• **Task details**: No pictures go into the copy. Write out every line below exactly.

• **Given data**:
:::::

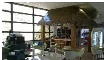
De Koffiecorner en Toko

In augustus 2016 is de cliëntenraad om advies gevraagd in verband met de verbouwing van de entree. Met de Pasar Malam in juni 2017 vond de officiële opening van de nieuwe entree plaats. Onder het motto “Warm welkom DE” worden bezoekers warm en vriendelijk ontvangen. Naast verplaatsing van de toko naar de hal zijn er nieuwe zitjes en is er een doorgang naar de binnenplaats. De doorgang is bekostigd door de Vrienden van Rumah Kita. Bewoners van Rumah Kita zijn inmiddels gewend aan de nieuwe entree en zitten nu vaker in de hal. Er staan nog 2 wensen van de cliëntenraad open: de kleding van de gastvrouwen en de plafondventilator voor in de hal.
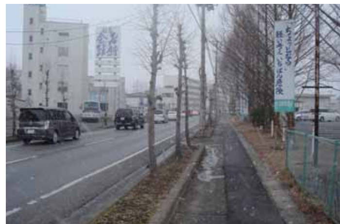
地震発生から間もなく吹雪いてきた

:::::

• **Finished exercise**:
De Koffiecorner en Toko

In augustus 2016 is de cliëntenraad om advies gevraagd in verband met de verbouwing van de entree. Met de Pasar Malam in juni 2017 vond de officiële opening van de nieuwe entree plaats. Onder het motto “Warm welkom DE” worden bezoekers warm en vriendelijk ontvangen. Naast verplaatsing van de toko naar de hal zijn er nieuwe zitjes en is er een doorgang naar de binnenplaats. De doorgang is bekostigd door de Vrienden van Rumah Kita. Bewoners van Rumah Kita zijn inmiddels gewend aan de nieuwe entree en zitten nu vaker in de hal. Er staan nog 2 wensen van de cliëntenraad open: de kleding van de gastvrouwen en de plafondventilator voor in de hal.
地震発生から間もなく吹雪いてきた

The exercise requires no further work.